Patrice Barnabé

Graphic Designer



Friends of Type

Hi everyone,

First of all, I know I'm not following the class steps and finding inspiration in pop culture. I always have a hard time choosing names, nicknames, sentences, quotes or titles for projects, so I usually end up picking the most obvious and boring options. That being said, I really love FoT work so just wanted to participate here. My passion, like many others here I suppose, is letters. And what gave me the enthusiasm I need for this project wasn't a movie or a book but the FoT letterings. So I decided to start drawing "Friends of Type" in a way that feels personal to me, but also appropriate for the class. I took inspiration from the FoT posts, mainly the brush scripts letterings that I enjoy sketching. 

I really like the effect of inverting the ink, doing a white on black lettering. I think it gives more personality to the words and you are also able to play with shadows and lights. As I'm planning to do the same, here are some examples that I collected as a moodboard:

And here are a few of my first sketches done with a Tombo Brush Pen:

I've done a lot of them but won't upload them all. I think it's a good start and I'm looking forward to digitize them to start a better composition and refine some letter shapes. I will then apply some of the cool effects that I've seen used on the FoT posts, such as shadings, 3D shadows or halftone finishes...

Another sketch from today (November 4th). Apart from refining the composition and some letter shapes, I'm wondering whether a plain brush lettering is going to have a greater impact than a vector lettering. Vector allows you to do things "exactly" the way you want to and you can go back and forth with digital effects, whereas the brush gives you this spontaneous and fresh look that is very hard to achieve digitally (and also speaks about your quality as a hand letterer) but leaves you without much room to do finishing touches... I will definitely try a vector just to compare both options. Here is my last sketch:


Now that I have a few sketches, I'm ready to jump into the vectorization process. When I do hand lettering, I often find myself in this situation where I like individual letters within sketches and rarely achieve a single sketch where all my letters are really good. So I usually compile a moodboard with the letters that I think look nice from all the sketches I've done. I also have in mind that a lettering piece should work as a whole rather than a mash-up of individual letters, but sometimes it's easier for me to do it this way and then figure out how all of the best letters are going to interact.

If I really like one particular letter I work on the curves digitally so I can correct or refine them. Here's a quick example:



I spend some time refining my sketches. I still have work to do, but I almost have the basic composition ready so I'm going fast into the final process where I can focus on the details and the visual effects. I did some vectorization but I'm still coming back to my sketches and enjoying the imperfections rather than the perfect béziers curves. I feel tempted to try a more analog approach this time around, and it's also an excuse to step back from the screen a little bit and work with pencil and paper. I will then scan my final sketch and add the final touches digitally. However, here is where I am so far.
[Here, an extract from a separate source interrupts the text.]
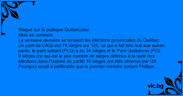 La semaine dernière se tenaient les éléctions provinciales du Québec.
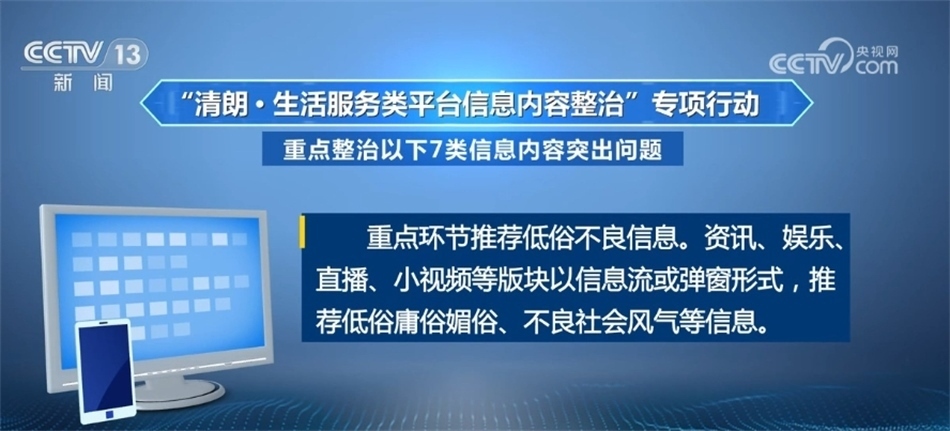 重點(diǎn)環(huán)節(jié)推薦低俗不良信息。資訊、娛樂(lè)、直播、小視頻等版塊以信息流或彈窗形式,推薦低俗庸俗媚俗、不良社會(huì)風(fēng)氣等信息?!?/p>

Not sure about the OF still and the F. More to come soon.


A little progress, redrawing on paper the silhouettes of the letters to refine the letterforms and work on the composition. I'm not sure about the capital F but I will leave it there for now. I like the way some ligatures and swashes help connecting the letter shapes without loosing the spontaneous spirit of a hand-made lettering. I believe that the exaggerated sizes of some (parts of the) letters is what makes this lettering fun and interesting. I think I'm going to work with the raw sketch and leave the idea of vectorization because I think it better suited for this style to have some rough edges and some noise. Now it's time for the last touches and effects.

The lettering scanned and coloured in Photoshop: 

Now it's all about finishing the piece, apply some effects and take care of light and shadows. My main inspiration are these posters designed by Mirko Borsche and illustrated by Beni Haslimeier:


My finished piece:



Thanks the folks at Friends of Type and the Skillshare community who is always learning and sharing creative knowledge!